> [WHAT YOU NEED TO DO]: Write out an exact copy of the line containing "А как ты думаешь, о" and all lines that follow it in the data below, leaving out pictures.

> [SUPPLIED MATERIAL]:
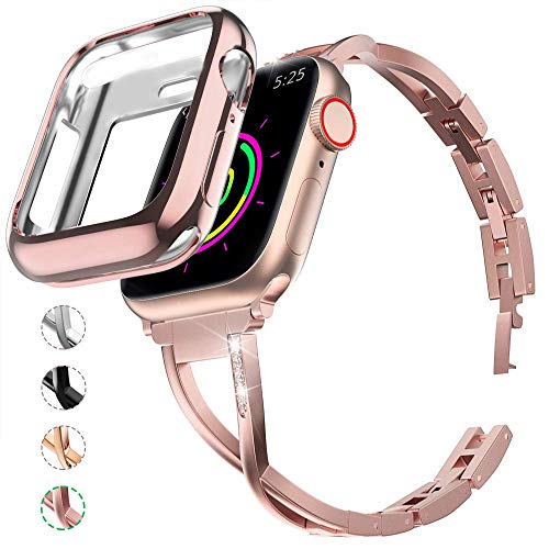 - 【Bling Design】: For 42mm/44mm Apple Watch band embed rhinestones that sparkle. The iWatch bands 42mm womens is slim and elegant to compliment a slender wrist, X-Shaped unique design with its thin and airy appearance will give your look a big boost.
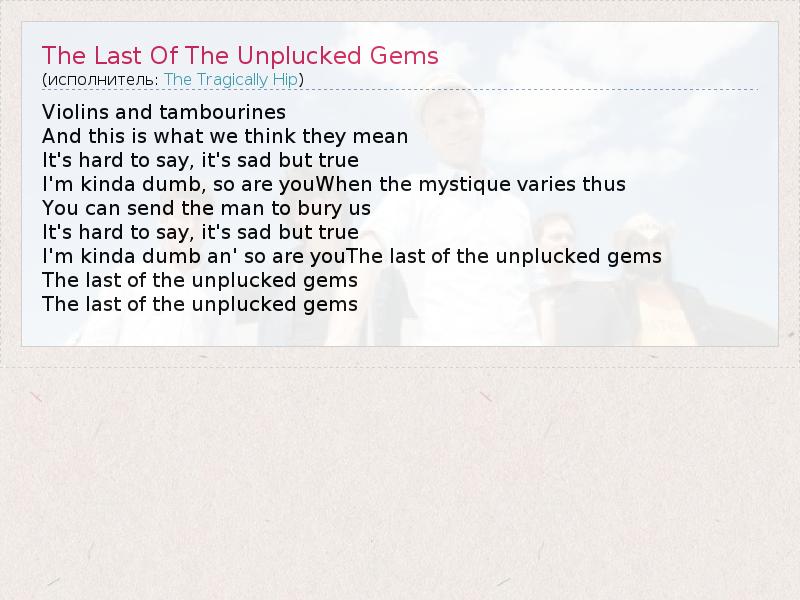 А как ты думаешь, о чем песня "The Last Of The Unplucked Gems" ?
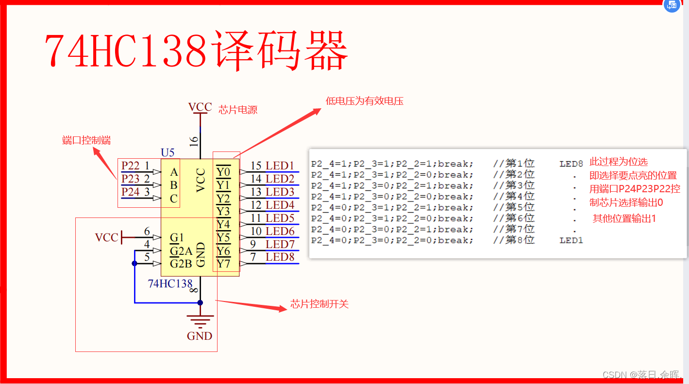 0基础51单片机LED模块 根据STC89C52RC芯片,A2开发板原理图可以看到LED的正极都接有VCC高电压,因此想点亮的LED,P2引脚应为低电压(0)。初次学习51单片机,发博客记录一下,希望帮助像我一样的小白,或者有大佬给我建议。

> [WRITTEN RESPONSE]:
 А как ты думаешь, о чем песня "The Last Of The Unplucked Gems" ?
 0基础51单片机LED模块 根据STC89C52RC芯片,A2开发板原理图可以看到LED的正极都接有VCC高电压,因此想点亮的LED,P2引脚应为低电压(0)。初次学习51单片机,发博客记录一下,希望帮助像我一样的小白,或者有大佬给我建议。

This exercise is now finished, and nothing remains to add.